Покачав головой, я замечаю, что лучше бы мои родители занялись тем же самым.
Леонард часто останавливается и указывает на какую-нибудь фигуру вдали. Вот в оранжевом небе проносится темная тень, хлопая бледными крыльями из тающего воска, капли которого падают вниз, – это Троян, демон ночи в славянской культуре. По другой траектории, сверкая большими совиными глазами, летит Тлакатеколототль – мексиканский бог зла. Окутанные ураганными ветрами из дождя и пыли, мчатся японские демоны они, что живут в центре смерчей.
Для сильных мира сего прошлых веков, объясняет Леонард, эта великая инвентаризация была как проект «Геном человека» для будущих научных исследователей.
По утверждению епископа де Эспины, ровно треть ангелов была низвергнута с небес в ад. Это божественное сокращение, эта небесная чистка кадров заняла девять дней – на два дня больше, чем сотворение мира Господом Богом. В общей сложности принудительному переселению в преисподнюю подверглось 133 306 668 ангелов, включая бывших весьма почитаемых херувимов, властей, престолов и серафимов, в том числе Асбеил и Гаап, Узза, Марут и Уракабарамель.
Впереди Бабетта, идущая под руку с Паттерсоном, вдруг разражается смехом – громким, пронзительным и таким же фальшивым, как ее контрафактные туфли.
Арчер смотрит на них исподлобья, стиснув зубы. Его булавка дергается в щеке.
Леонард продолжает сыпать именами всевозможных демонов, которые могут нам встретиться: Ваал, Вельзевул, Велиал, Либераче, Диаболос, Мара, Пазузу – аккадец с головой летучей мыши и хвостом скорпиона – Ламашту, шумерская демоница, что одной грудью вскармливает свинью, а другой собаку – или Намтар, месопотамский аналог нашего современного Мрачного Жнеца. Мы ищем Сатану так же рьяно, как мои мама с папой искали Бога.
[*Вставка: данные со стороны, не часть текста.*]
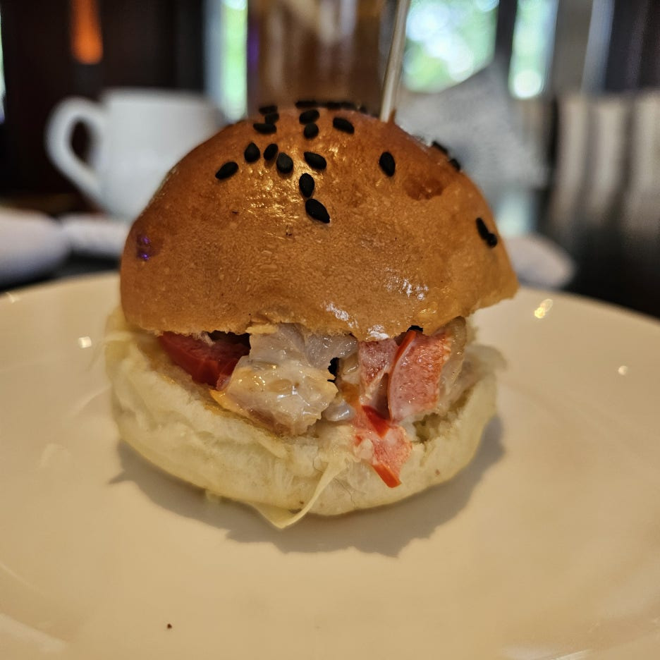 애프터눈 티에서도 먹었던, 초밥. 아래층이 일식 레스토랑 린이라, 모든 음식은 거기에서 만든 것을 제공하는 듯하다. 그래서 일본풍의 음식이 많은 듯.

Мои родители постоянно подталкивали меня к расширению сознания, сами поощряли меня нюхать клей или бензин и жевать мескалин. Но если они отмотали свой срок, растратили годы юности на возню в грязи на унылых полях Вермонта и соляных котловинах Невады, голышом, не считая радужной раскраски на лицах и толстой корки пота и грязи на коже, с лобковыми вшами и тяжеленными, вонючими дредами на голове; если они притворялись, будто нашли просветление… то это НЕ ЗНАЧИТ, что я должна повторять их ошибки.
Прости, Сатана, я снова произнесла слово на букву «б».
Не сбавляя шага, Леонард кивает и указывает на бывших богов из исчезнувших цивилизаций, ныне отправленных на хранение в подземный мир. Среди них: Бенот, вавилонское божество; Дагон, идол филистимлян; Астарта, богиня сидонского пантеона; Тартак, бог евреев.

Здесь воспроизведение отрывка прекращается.